Produce a word-for-word copy of the data that follows, excluding images.

┄┄┄┄┄┄┄┄┄┄

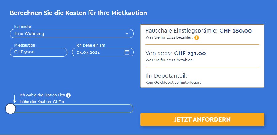 Mietkautionsbetrag: CHF 4’000 | Depotanteil: CHF 0
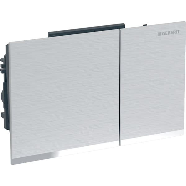 Geberit Omega60 Betätigungsplatte, eckig, 2-Mengen-Spülung: Taste: chrom / gebürstet, easy-to-clean-beschichtet, Designstreifen: chrom / glänzend
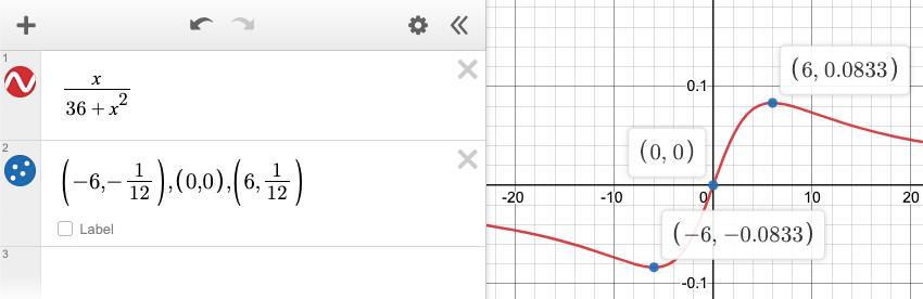 Відповідь: (-6, -1/12), (0, 0), (6, 1/12).
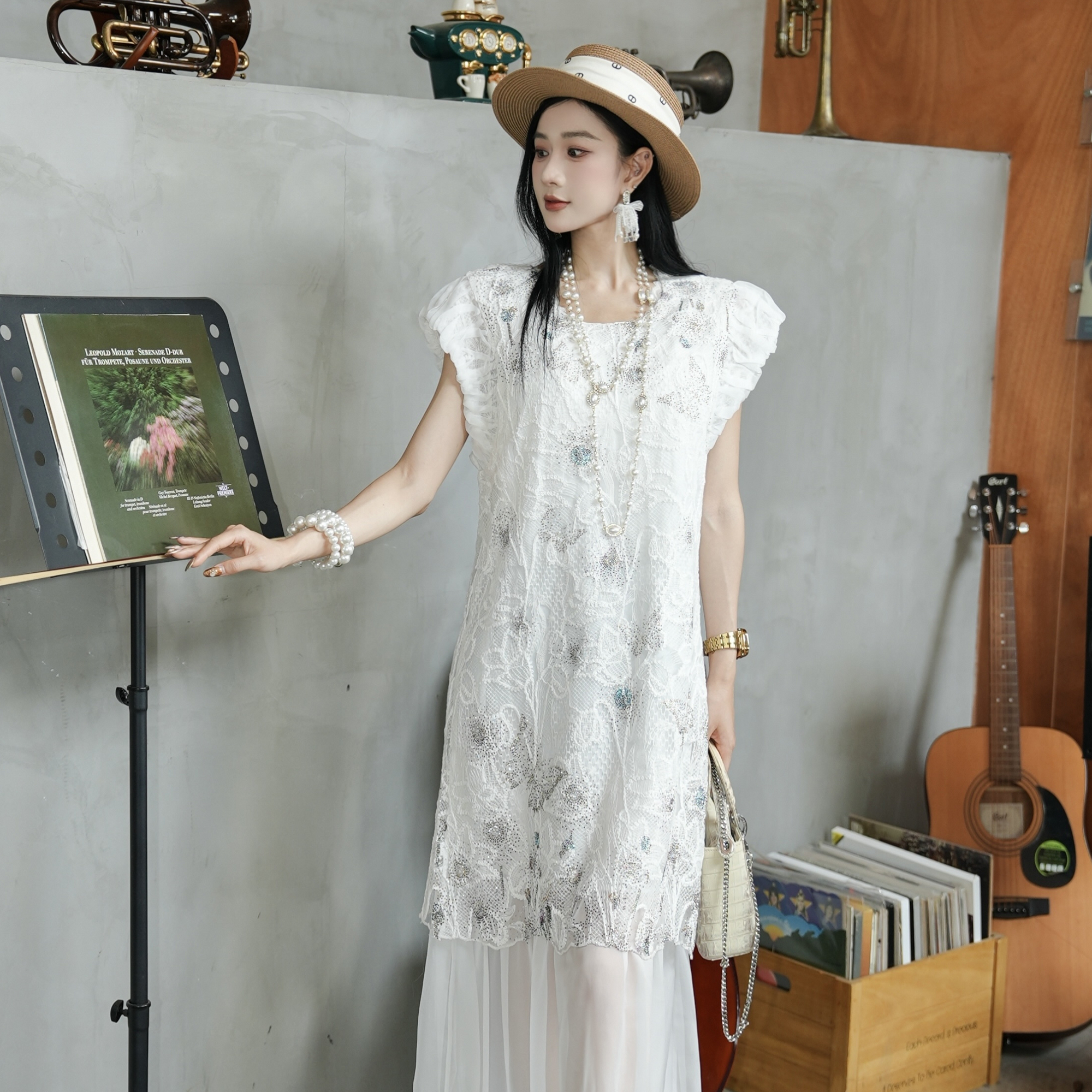TCH私服重工烫钻设计感蕾丝钩花显瘦无袖气质连衣裙女T75B30E5156
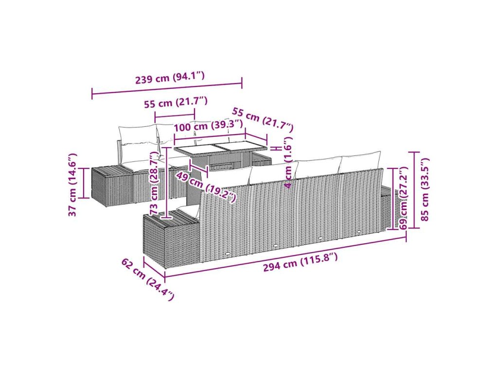 Tento stylový zahradní pohovkový set kombinuje moderní estetiku a praktičnost, což ho dělá skvělým centrem pro venkovní setkání. Je ideální na balkony, terasy nebo do zahrad, vybavenél pohodlnými polštáři, a vyzývá rodinu a přátele, aby si užili kvalitní čas venku.
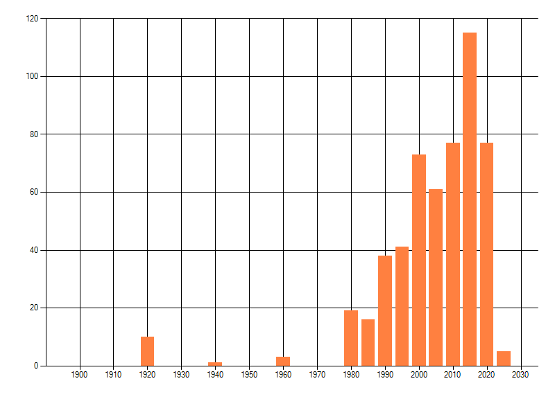 Het aantal atlasblokken (5x5 km) waarin de soort is gemeld binnen een periode van vijf jaar (vanaf 1980) of twintig jaar. Niet gecorrigeerd voor waarnemersinspanning en het aantal doorgegeven waarnemingen kan sterk variëren per periode, dus een trend in verspreiding kan hier niet direct uit worden afgelezen. Het opgegeven jaartal is het eerste jaar van de periode. Bron: gevalideerde waarnemingen uit de NDFF.
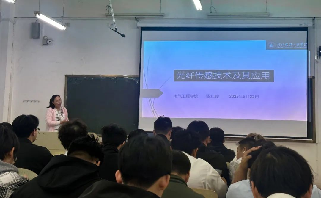 张红岭老师在讲座中系统介绍了光纤传感技术的发展与应用。首先展示了光纤的神奇特性,深入浅出地讲解了光纤的传输原理和结构特点。随后解析了光纤传感系统的组成,包括光源、光纤、调制器(传感器、探头或敏感单元)和探测器等核心部件,并介绍了按干涉型、强度调制型等不同原理的传感器分类。在应用方面,张老师列举了光纤传感技术在工业监测、环境监测、医疗诊断等领域的广泛应用案例。讲座过程中,张老师还与现场学生进行了互动交流。同学们积极提问,张老师耐心解答,现场气氛活跃。整场讲座内容丰富,既有理论深度又贴近实际应用,为同学们提供了宝贵的学习机会。
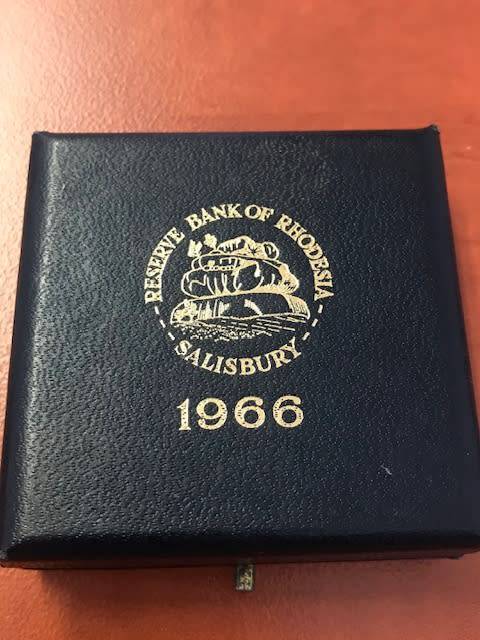 Only 5000 coins minted bearing the LION and TUSK armorial crest of Rhodesia on the reverse.
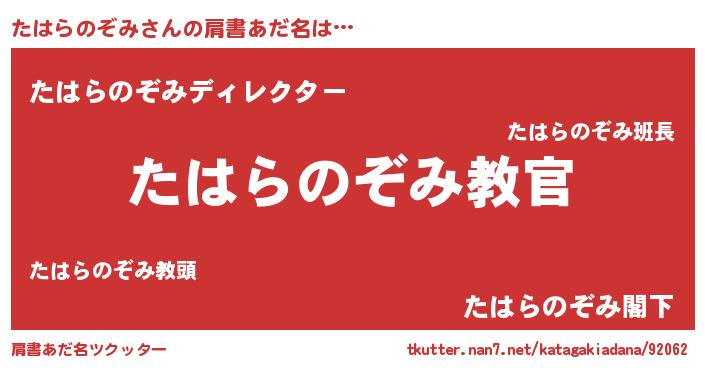 | 男性向けラノベタイトル風あだ名 | 『この素晴らしい世界にたはらのぞみを!』 |

┄┄┄┄┄┄┄┄┄┄

▸ **Answer box**
 Mietkautionsbetrag: CHF 4’000 | Depotanteil: CHF 0
 Geberit Omega60 Betätigungsplatte, eckig, 2-Mengen-Spülung: Taste: chrom / gebürstet, easy-to-clean-beschichtet, Designstreifen: chrom / glänzend
 Відповідь: (-6, -1/12), (0, 0), (6, 1/12).
TCH私服重工烫钻设计感蕾丝钩花显瘦无袖气质连衣裙女T75B30E5156
 Tento stylový zahradní pohovkový set kombinuje moderní estetiku a praktičnost, což ho dělá skvělým centrem pro venkovní setkání. Je ideální na balkony, terasy nebo do zahrad, vybavenél pohodlnými polštáři, a vyzývá rodinu a přátele, aby si užili kvalitní čas venku.
 Het aantal atlasblokken (5x5 km) waarin de soort is gemeld binnen een periode van vijf jaar (vanaf 1980) of twintig jaar. Niet gecorrigeerd voor waarnemersinspanning en het aantal doorgegeven waarnemingen kan sterk variëren per periode, dus een trend in verspreiding kan hier niet direct uit worden afgelezen. Het opgegeven jaartal is het eerste jaar van de periode. Bron: gevalideerde waarnemingen uit de NDFF.
 张红岭老师在讲座中系统介绍了光纤传感技术的发展与应用。首先展示了光纤的神奇特性,深入浅出地讲解了光纤的传输原理和结构特点。随后解析了光纤传感系统的组成,包括光源、光纤、调制器(传感器、探头或敏感单元)和探测器等核心部件,并介绍了按干涉型、强度调制型等不同原理的传感器分类。在应用方面,张老师列举了光纤传感技术在工业监测、环境监测、医疗诊断等领域的广泛应用案例。讲座过程中,张老师还与现场学生进行了互动交流。同学们积极提问,张老师耐心解答,现场气氛活跃。整场讲座内容丰富,既有理论深度又贴近实际应用,为同学们提供了宝贵的学习机会。
 Only 5000 coins minted bearing the LION and TUSK armorial crest of Rhodesia on the reverse.
 | 男性向けラノベタイトル風あだ名 | 『この素晴らしい世界にたはらのぞみを!』 |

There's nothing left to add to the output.